Unfortunately the XEN test still failed. Log end of
the email. This test(s) is bit peculiar though since
its database running in VM with 1 or 2 CPUs. One of
the suspect is because the database RT processes are
hogging the CPU(s), kernel RCU thread is not getting chance
to run which eventually results in stall. Does it
make sense ?

Please note that its non-preempt kernel using RT processes. ;-)
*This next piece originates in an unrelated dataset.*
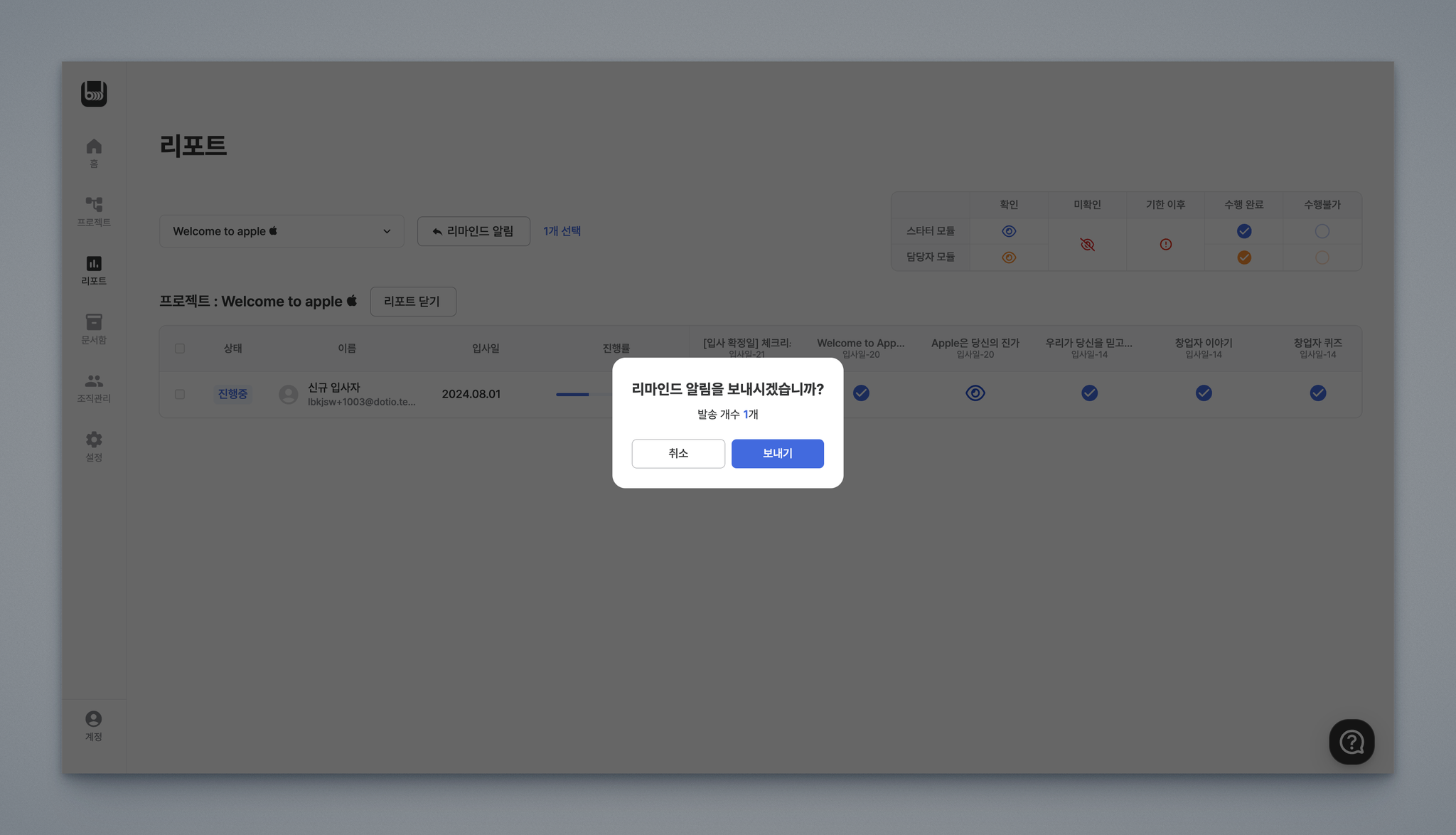 리마인드 알림을 보내시겠습니까? 창에서 보내기 버튼을 클릭합니다.

# cat .config | grep PREEMPT
CONFIG_PREEMPT_NOTIFIERS=y
# CONFIG_PREEMPT_NONE is not set
CONFIG_PREEMPT_VOLUNTARY=y
# CONFIG_PREEMPT is not set

Regards,
Santosh
...
....
rcu_sched kthread starved for 399032 jiffies!
INFO: rcu_sched detected stalls on CPUs/tasks: {} (detected by 0, 
t=462037 jiffies, g=118888, c=118887, q=0)
All QSes seen, last rcu_sched kthread activity 462037 
(4296277632-4295815595), jiffies_till_next_fqs=3, root ->qsmask 0x0
ocssd.bin       R  running task        0 15375      1 0x00000000
  0000000000000000 ffff8800ec003bc8 ffffffff810a8581 ffffffff81abf980
  000000000001d068 ffff8800ec003c28 ffffffff810e9c98 0000000000000000
  0000000000000086 0000000000000000 0000000000000086 0000000000000082
Call Trace:
  <IRQ>  [<ffffffff810a8581>] sched_show_task+0xb1/0x120
  [<ffffffff810e9c98>] print_other_cpu_stall+0x288/0x2d0
  [<ffffffff810e9e60>] __rcu_pending+0x180/0x230
  [<ffffffff810e9fa5>] rcu_check_callbacks+0x95/0x140
  [<ffffffff810edf92>] update_process_times+0x42/0x70
  [<ffffffff810ffc79>] tick_sched_handle+0x39/0x80
  [<ffffffff810ffee2>] tick_sched_timer+0x52/0xa0
  [<ffffffff810f0424>] __run_hrtimer+0x74/0x1d0
  [<ffffffff810ffe90>] ? tick_nohz_handler+0xc0/0xc0
  [<ffffffff810f07b2>] hrtimer_interrupt+0x102/0x240
  [<ffffffff8100aaae>] xen_timer_interrupt+0x2e/0x130
  [<ffffffff8143347a>] ? add_interrupt_randomness+0x3a/0x1f0
  [<ffffffff81384290>] ? store_cursor_blink+0xc0/0xc0
  [<ffffffff810d9de4>] handle_irq_event_percpu+0x54/0x1b0
  [<ffffffff810dd477>] handle_percpu_irq+0x47/0x70
  [<ffffffff810d9d27>] generic_handle_irq+0x27/0x40
  [<ffffffff813e53ca>] evtchn_2l_handle_events+0x25a/0x260
  [<ffffffff81085541>] ? __do_softirq+0x191/0x2f0
  [<ffffffff813e2c2f>] __xen_evtchn_do_upcall+0x4f/0x90
  [<ffffffff813e3404>] xen_evtchn_do_upcall+0x34/0x50
  [<ffffffff816c761e>] xen_hvm_callback_vector+0x6e/0x80
  <EOI>
rcu_sched kthread starved for 462037 jiffies!